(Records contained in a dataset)
● ● ● ● ● ● ●
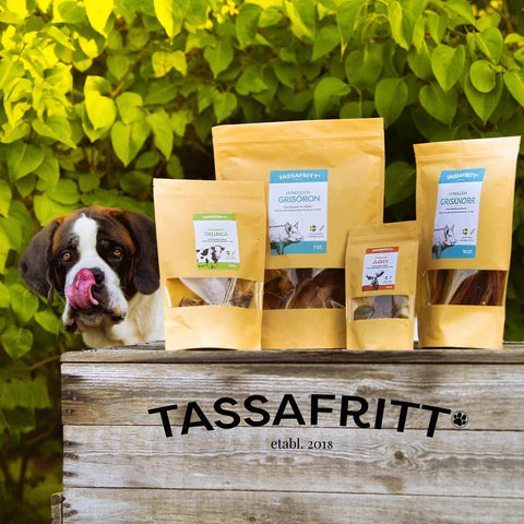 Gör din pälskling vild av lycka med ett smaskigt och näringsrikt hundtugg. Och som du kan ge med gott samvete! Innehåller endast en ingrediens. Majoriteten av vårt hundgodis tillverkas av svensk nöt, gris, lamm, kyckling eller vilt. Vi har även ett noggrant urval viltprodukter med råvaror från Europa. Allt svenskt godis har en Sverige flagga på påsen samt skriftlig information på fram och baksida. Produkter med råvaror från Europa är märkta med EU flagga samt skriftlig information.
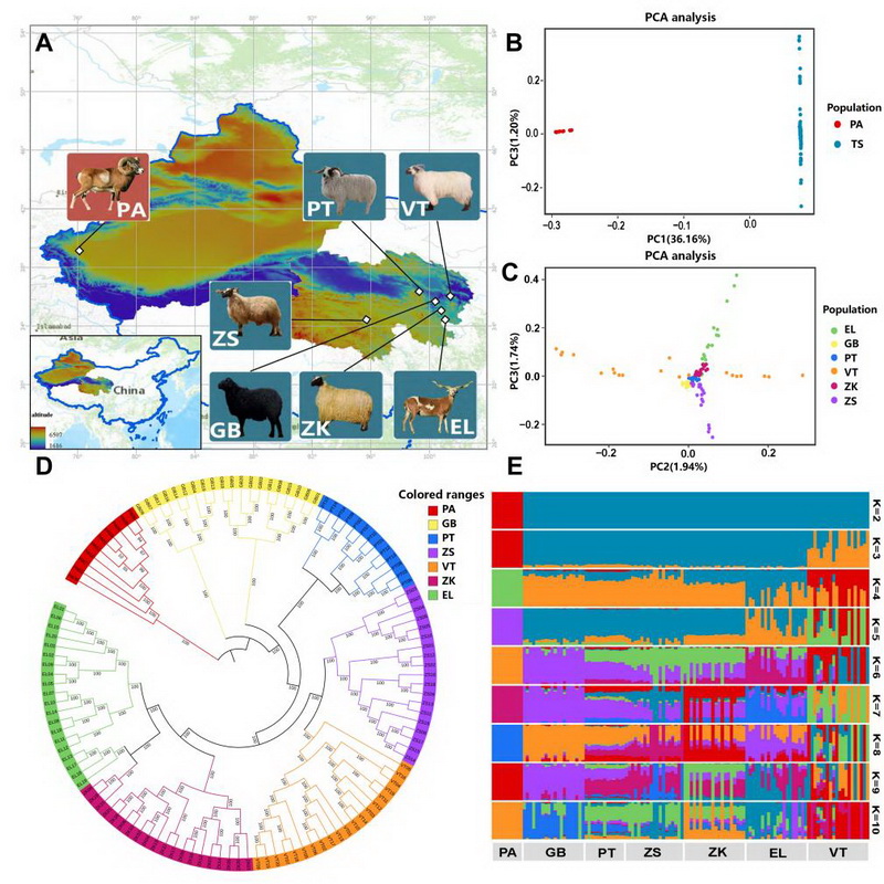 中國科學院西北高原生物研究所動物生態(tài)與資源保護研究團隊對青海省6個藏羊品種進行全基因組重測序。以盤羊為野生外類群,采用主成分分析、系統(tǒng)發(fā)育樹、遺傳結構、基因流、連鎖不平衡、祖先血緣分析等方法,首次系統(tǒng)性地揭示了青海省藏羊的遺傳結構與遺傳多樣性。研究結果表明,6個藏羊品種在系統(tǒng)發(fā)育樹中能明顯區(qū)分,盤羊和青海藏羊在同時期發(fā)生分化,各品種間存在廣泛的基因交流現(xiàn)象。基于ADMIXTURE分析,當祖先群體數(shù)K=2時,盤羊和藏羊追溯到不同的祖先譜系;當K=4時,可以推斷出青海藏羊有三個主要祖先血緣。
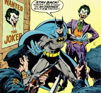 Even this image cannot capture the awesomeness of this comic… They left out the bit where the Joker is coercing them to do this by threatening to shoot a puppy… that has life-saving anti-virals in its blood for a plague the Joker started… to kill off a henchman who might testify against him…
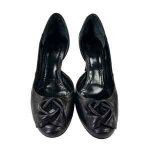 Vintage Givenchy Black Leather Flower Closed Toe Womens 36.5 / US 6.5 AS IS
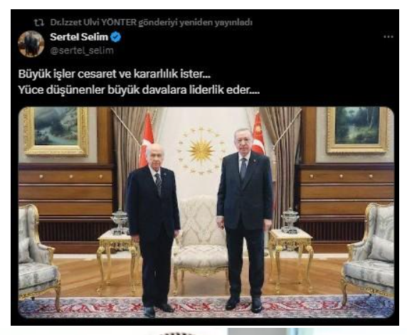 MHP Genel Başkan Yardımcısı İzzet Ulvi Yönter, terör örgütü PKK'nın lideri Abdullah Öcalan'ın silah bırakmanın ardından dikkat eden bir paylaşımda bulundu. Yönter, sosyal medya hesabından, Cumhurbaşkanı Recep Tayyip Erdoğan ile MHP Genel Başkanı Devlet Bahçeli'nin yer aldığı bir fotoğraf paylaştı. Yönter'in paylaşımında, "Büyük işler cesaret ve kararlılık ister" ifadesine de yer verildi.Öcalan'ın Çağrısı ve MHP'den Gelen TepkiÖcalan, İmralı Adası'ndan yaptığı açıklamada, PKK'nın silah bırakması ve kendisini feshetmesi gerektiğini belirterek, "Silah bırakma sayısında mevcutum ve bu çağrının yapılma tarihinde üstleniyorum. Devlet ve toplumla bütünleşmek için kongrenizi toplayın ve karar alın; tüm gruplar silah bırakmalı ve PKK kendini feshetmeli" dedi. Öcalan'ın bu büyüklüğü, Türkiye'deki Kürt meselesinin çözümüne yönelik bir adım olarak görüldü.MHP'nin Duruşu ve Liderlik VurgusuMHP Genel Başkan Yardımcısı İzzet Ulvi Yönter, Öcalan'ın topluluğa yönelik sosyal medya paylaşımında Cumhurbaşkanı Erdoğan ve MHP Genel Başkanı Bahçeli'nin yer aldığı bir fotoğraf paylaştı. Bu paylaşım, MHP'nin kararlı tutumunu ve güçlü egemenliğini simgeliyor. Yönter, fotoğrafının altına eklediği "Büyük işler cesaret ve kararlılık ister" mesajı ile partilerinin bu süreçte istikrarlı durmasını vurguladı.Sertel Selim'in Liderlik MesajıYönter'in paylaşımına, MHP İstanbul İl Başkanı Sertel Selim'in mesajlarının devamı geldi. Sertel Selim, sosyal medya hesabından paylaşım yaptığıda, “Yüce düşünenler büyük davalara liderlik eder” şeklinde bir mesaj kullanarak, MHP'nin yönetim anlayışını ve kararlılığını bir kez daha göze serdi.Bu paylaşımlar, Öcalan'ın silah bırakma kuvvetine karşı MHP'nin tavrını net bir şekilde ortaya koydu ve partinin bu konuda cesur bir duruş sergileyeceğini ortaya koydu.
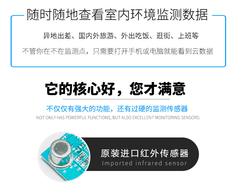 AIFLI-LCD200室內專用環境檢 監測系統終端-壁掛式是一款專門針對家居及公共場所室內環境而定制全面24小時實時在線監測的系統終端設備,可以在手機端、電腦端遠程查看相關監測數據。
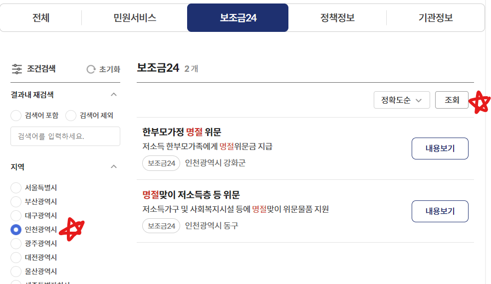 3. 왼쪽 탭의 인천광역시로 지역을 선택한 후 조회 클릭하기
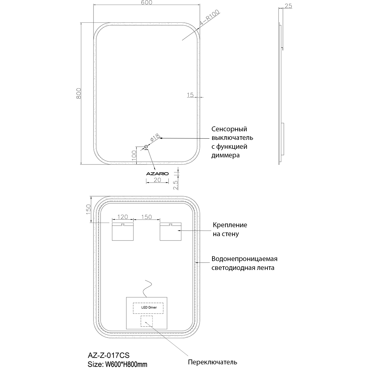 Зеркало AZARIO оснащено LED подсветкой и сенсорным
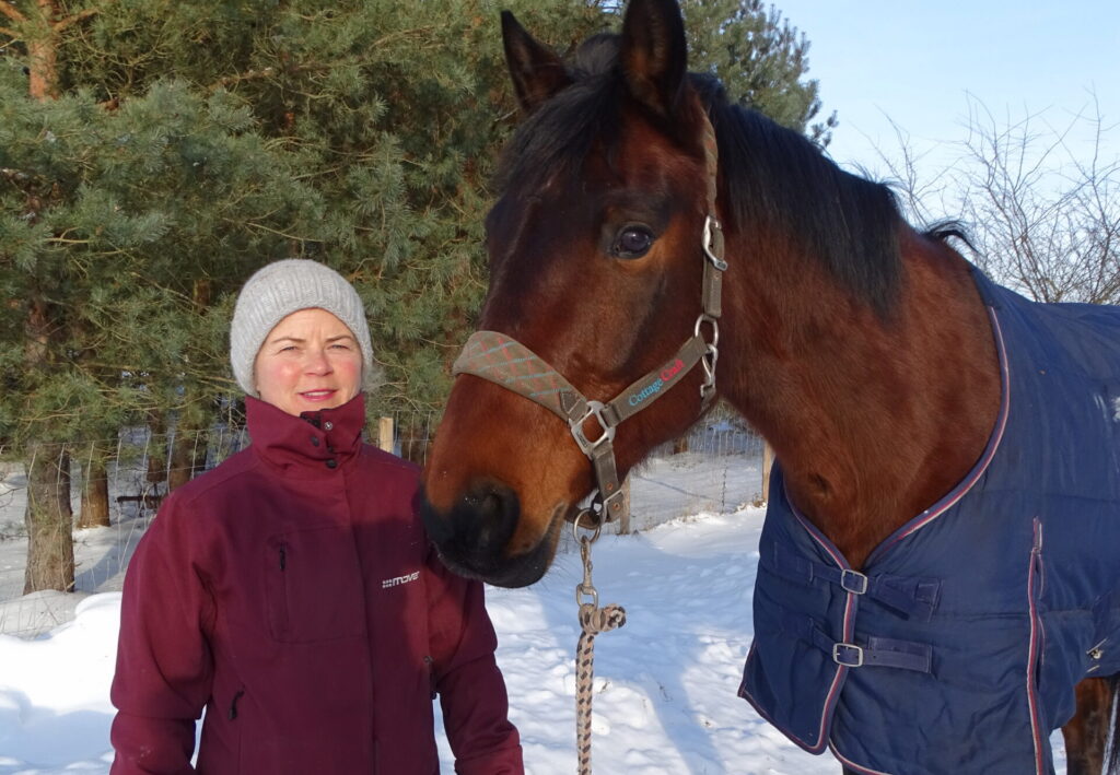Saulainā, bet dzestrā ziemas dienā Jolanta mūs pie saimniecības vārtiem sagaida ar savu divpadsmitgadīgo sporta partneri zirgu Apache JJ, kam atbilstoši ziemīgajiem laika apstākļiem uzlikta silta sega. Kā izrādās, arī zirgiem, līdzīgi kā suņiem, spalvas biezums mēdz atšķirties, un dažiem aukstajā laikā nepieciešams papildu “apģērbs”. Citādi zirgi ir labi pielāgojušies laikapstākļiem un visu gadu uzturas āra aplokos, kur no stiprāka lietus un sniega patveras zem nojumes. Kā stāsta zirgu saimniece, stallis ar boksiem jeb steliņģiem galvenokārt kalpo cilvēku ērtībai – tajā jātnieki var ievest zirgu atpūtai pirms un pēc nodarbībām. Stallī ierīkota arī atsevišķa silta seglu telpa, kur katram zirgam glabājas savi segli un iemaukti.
● ● ● ● ● ● ●
| What you need to do |
Pictures are to be left out; the lines from the start of the records above through the line holding "Vintage Givenchy Black" are to be returned exactly.

| Solution to this problem |
 Gör din pälskling vild av lycka med ett smaskigt och näringsrikt hundtugg. Och som du kan ge med gott samvete! Innehåller endast en ingrediens. Majoriteten av vårt hundgodis tillverkas av svensk nöt, gris, lamm, kyckling eller vilt. Vi har även ett noggrant urval viltprodukter med råvaror från Europa. Allt svenskt godis har en Sverige flagga på påsen samt skriftlig information på fram och baksida. Produkter med råvaror från Europa är märkta med EU flagga samt skriftlig information.
 中國科學院西北高原生物研究所動物生態(tài)與資源保護研究團隊對青海省6個藏羊品種進行全基因組重測序。以盤羊為野生外類群,采用主成分分析、系統(tǒng)發(fā)育樹、遺傳結構、基因流、連鎖不平衡、祖先血緣分析等方法,首次系統(tǒng)性地揭示了青海省藏羊的遺傳結構與遺傳多樣性。研究結果表明,6個藏羊品種在系統(tǒng)發(fā)育樹中能明顯區(qū)分,盤羊和青海藏羊在同時期發(fā)生分化,各品種間存在廣泛的基因交流現(xiàn)象。基于ADMIXTURE分析,當祖先群體數(shù)K=2時,盤羊和藏羊追溯到不同的祖先譜系;當K=4時,可以推斷出青海藏羊有三個主要祖先血緣。
 Even this image cannot capture the awesomeness of this comic… They left out the bit where the Joker is coercing them to do this by threatening to shoot a puppy… that has life-saving anti-virals in its blood for a plague the Joker started… to kill off a henchman who might testify against him…
 Vintage Givenchy Black Leather Flower Closed Toe Womens 36.5 / US 6.5 AS IS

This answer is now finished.